My comments: Incredible, lovely writing.  Many times when you hear a book read aloud that has been written in verse you cannot tell that it WAS written inverse.  This, read by two readers (one being the author), the poetry just flowed.  Absolutely gorgeous words.  Very sad, depresssing, but the beauty of the writing ... and of the story ... made up for it.  Learning about the "DR" community both in New York City and the Dominican Republic and hearing the story told with a large amount of Spanish verbiage included added to the experience.  And it was read with lovely, lilting accents of two SpanishAmerican narrators.  The story was tough.  But I would consider this a masterpiece.

Goodreads synopsis:   In a novel-in-verse that brims with grief and love, National Book Award-winning and New York Times bestselling author Elizabeth Acevedo writes about the devastation of loss, the difficulty of forgiveness, and the bittersweet bonds that shape our lives.
          Camino Rios lives for the summers when her father visits her in the Dominican Republic. But this time, on the day when his plane is supposed to land, Camino arrives at the airport to see crowds of crying people…
          In New York City, Yahaira Rios is called to the principal’s office, where her mother is waiting to tell her that her father, her hero, has died in a plane crash.
          Separated by distance—and Papi’s secrets—the two girls are forced to face a new reality in which their father is dead and their lives are forever altered.
          And then, when it seems like they’ve lost everything of their father, they learn of each other.

Saturday, February 6, 2021

10. Love Lettering by Kate Clayborn

read on my iPhone on Libby (borrowed from the library
narrated by Nicol Zanzarella
Unabridged audio (11:10)
2019
307 pgs.
Adult Romance
Finished 2/6/2021
Goodreads rating: 3.82 - 15,233 ratings
My rating: 4.5
Setting: Contemporary NYC


First line/s: "On Sunday I work in Sans Serif."

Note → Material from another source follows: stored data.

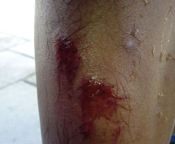 “我们顺利游过Looking Glass,原路返回时就出问题了。surge不断把我们猛地推向前,然后猛地拉到后面。如果没抓紧石头,就会被扯向后,身体在石头间乱撞。我游得不够快,没在推力时游到前面一块大石头抓住,然后被瞬间扯到后面,还得抱着相机,一只手根本不够力抓石头!我感到呼吸越来越急速,呼吸头也随时有被surge拉走的危险。听到潜水电脑“哔、哔、哔”地叫,且感觉到潜水电脑(表)带子(戴在右手)勾住了闪光灯(左手拿相机)的光纤线,那个情形我根本没办法松开。当时我紧咬着呼吸看了看还有100BAR。在挣扎中,我被扯到了水面。Looking Glass里面水晃得很厉害,不小心还是会被拍到礁石上(后来潜友还说那里有漩涡,surface很危险)。”
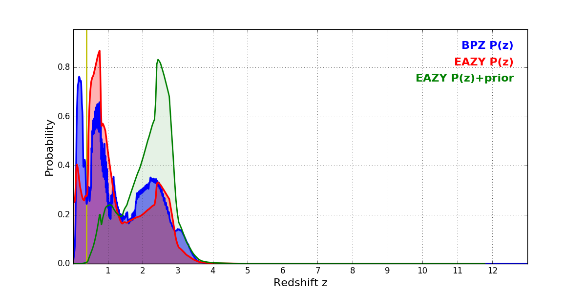 In P(z) plots: Yellow lines mark the cluster redshift z = 0.390,
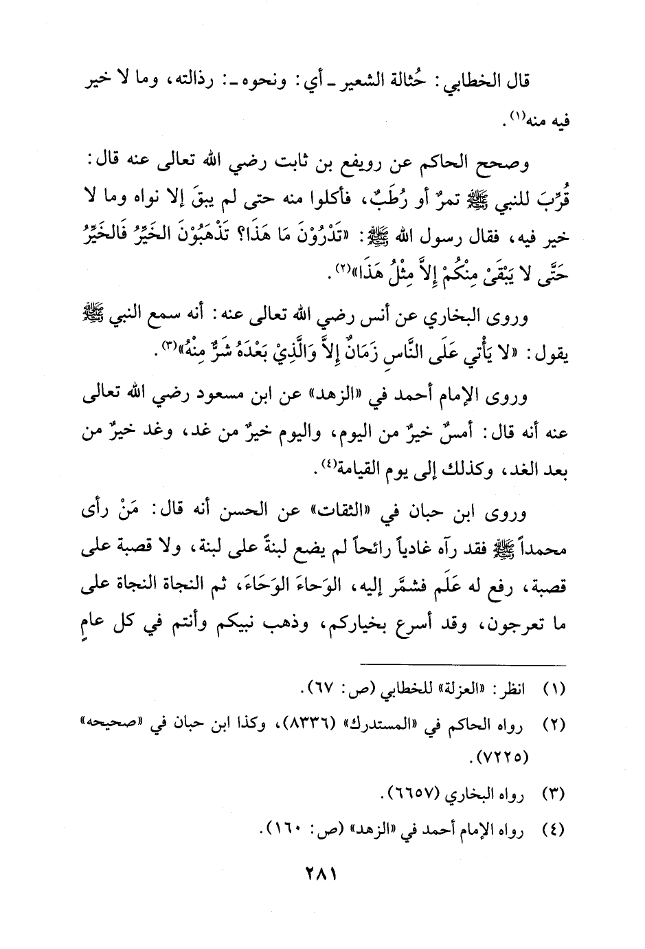 وصحح الحاكم عن رويفع بن ثابت رضي الله تعالى عنه قال: قُرِّبَ للنبي - صلى الله عليه وسلم - تمرٌ أو رُطَبٌ، فأكلوا منه حتى لم يبقَ إلا نواه وما لا خير فيه، فقال رسول الله - صلى الله عليه وسلم -: "تَدْرُوْنَ مَا هَذَا؟ تَذْهَبُوْنَ الخَيِّرُ فَالخَيِّرُ حَتَّى لا يَبْقَىْ مِنْكُمْ إِلاَّ مِثْلُ هَذَا" (¬2).
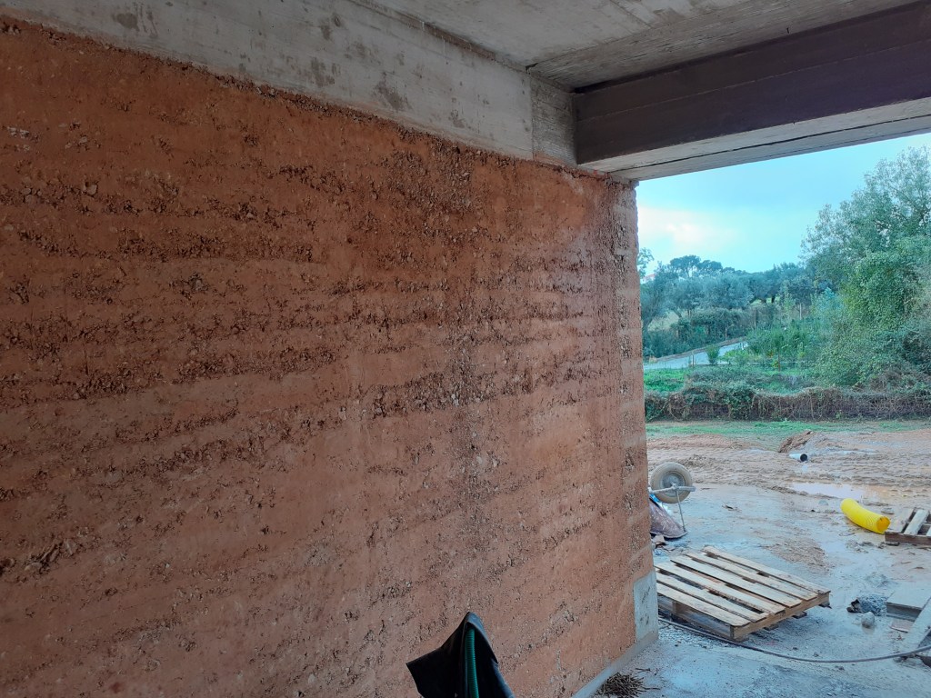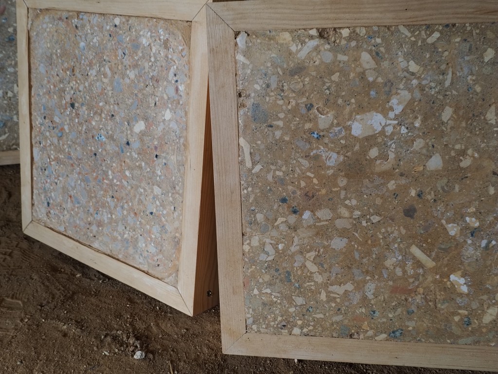 Savipitoisista maa-aineksista sekoitettiin kolme eri massaa ja tehtiin niistä testikuutiot sopivan seossuhteen löytämiseksi. Iskossaviseinän tekemisessä meitä opasti Nuno. Hänen projekteistaan löytyy lisätietoa nettivisuilta www.doing.pt .
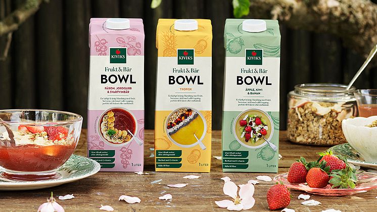 I takt med att intresset för växtbaserat mejeri ökar så breddar nu Kiviks Musteri sitt sortiment och hänger på den växande trenden med bowls. Nu lanseras tre sorter av härliga blandningar med frukt och bär i en krämig konsistens – perfekt att starta dagen med eller som ett gott mellanmål som ger energi hela dagen.
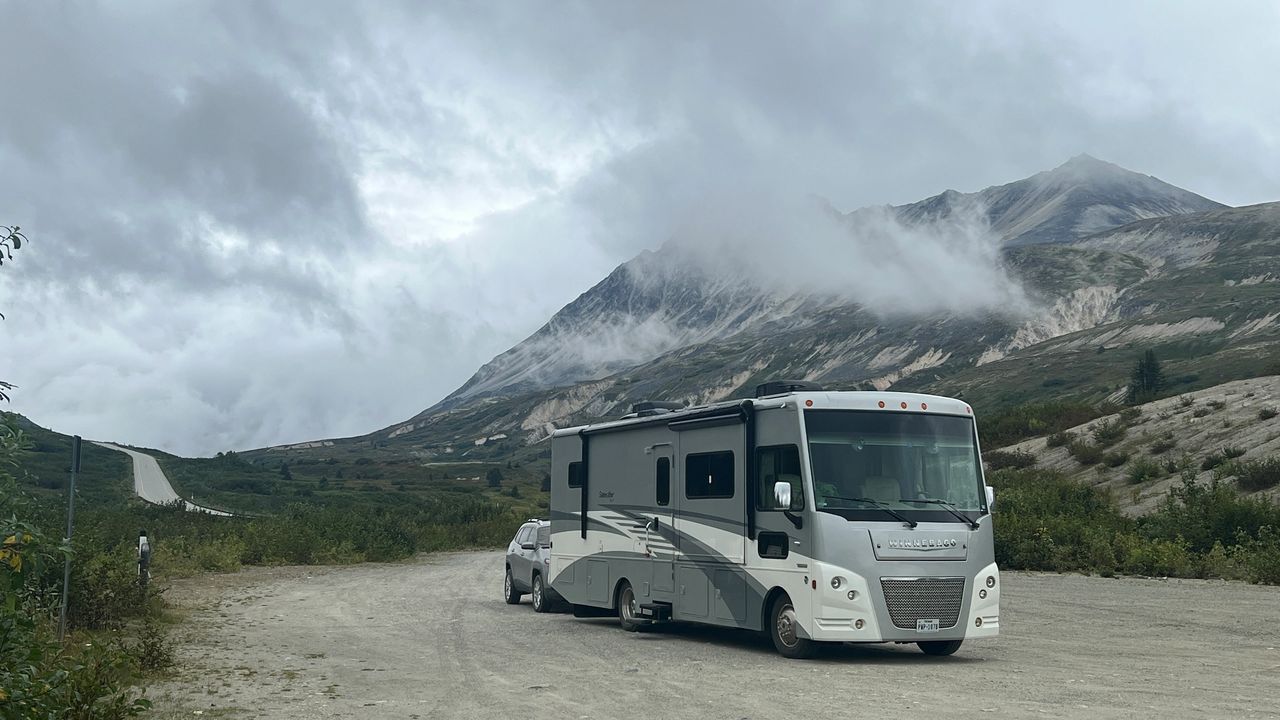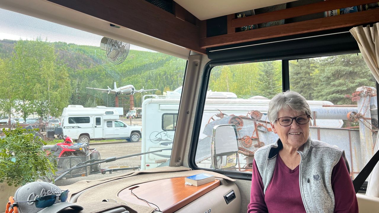 Our goal today was to fuel in Tok, cross the border into Canada and camp at Destruction bay. This would have been a 280 mile day but we did not make it that far and stopped at Lake Creek CG in YT. We did cross the border and were now in Canada so that was a success. Had no issues crossing the border and Mom got her first stamp in her brand new first ever passport at 83 years young.
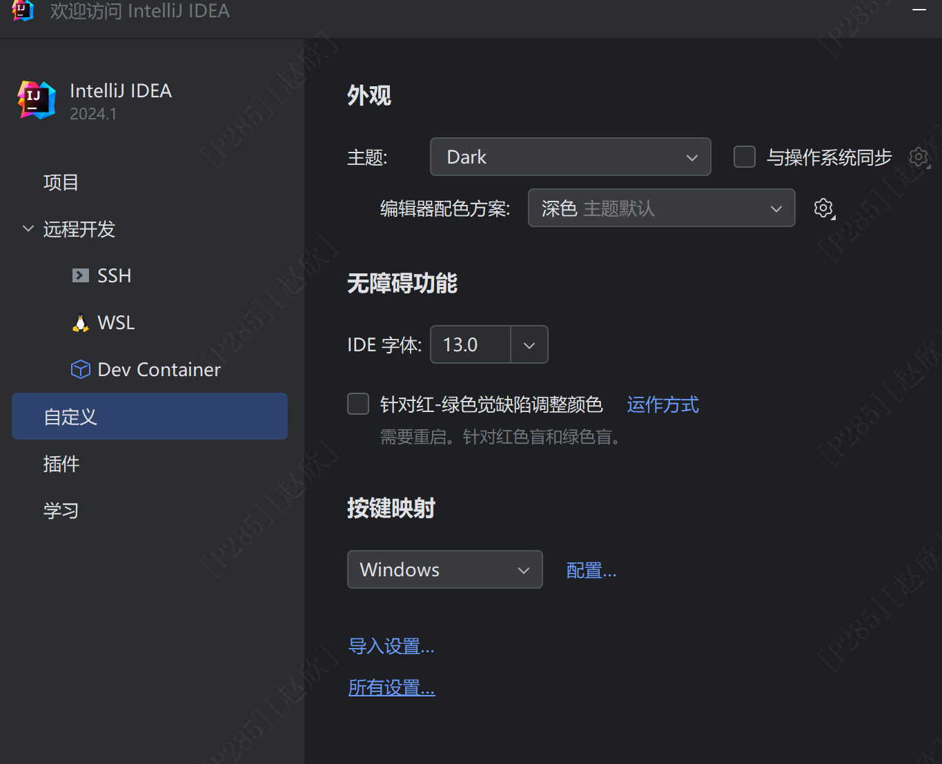 首先进入到idea的欢迎页面,关闭项目即可,否则就不是全局配置
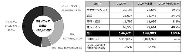 それによると、2024年の日本のコンテンツ市場規模は、各分野合わせて前年から微増の14兆9,003億円で、過去最大となった。ただし円安が進んだためドル建てでは2022年の規模を下回る結果だった。
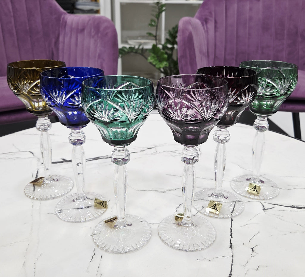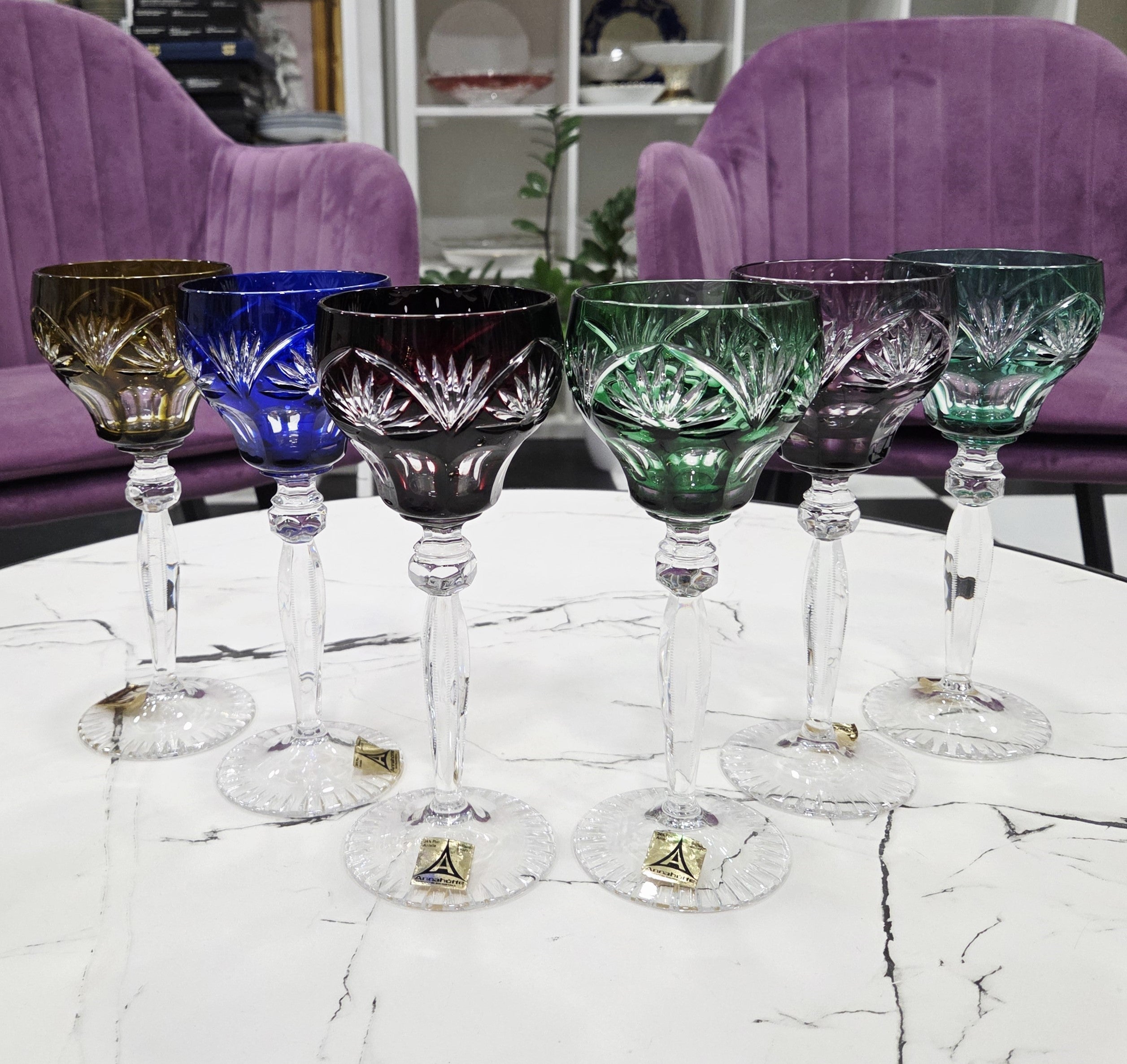 Das Set besteht aus 6 farbigen Weingläsern, jedes in einem einzigartigen Farbton: tiefblau, grün, violett, rubinrot, fliederfarben und oliv. Die farbenfrohen Teile der Schale harmonieren mit den transparenten, elegant geprägten Füßen und den dekorativen, massiven Sockeln.

What I posted on Goodreads:  

My comments: I totally enjoyed this book.  It was slow and delicious. There was a great deal of philosophical/introspective thinking and conversation, which I don't usually like much at all, but Kate Clayborn wove it in beautifully.  An artist and a numbers analyst.  A young woman trying to make herself more honest and a young man who, although never mentioned at all, is somewhere, somewhat, in a mild way on the Autism/Aspbergers spectrum, I'm guessing.  Walks through Manhattan and the Bronx looking at signs and all the different modern and vintage lettering.  Playing games.  20 questions.  A romance novel that slowly unfolds, written beautifully.  Two quite steamy scenes, well into the second half of the book, which totally worked.  Yup, I liked the characters, setting, occupations, personalities, and cool twist.  

Goodreads synopsis:  Meg Mackworth’s hand-lettering skill has made her famous as the Planner of Park Slope, designing beautiful custom journals for New York City’s elite. She has another skill too: reading signs that other people miss. Like the time she sat across from Reid Sutherland and his gorgeous fiancĂ©e, and knew their upcoming marriage was doomed to fail. Weaving a secret word into their wedding program was a little unprofessional, but she was sure no one else would spot it. She hadn’t counted on sharp-eyed, pattern-obsessed Reid . . .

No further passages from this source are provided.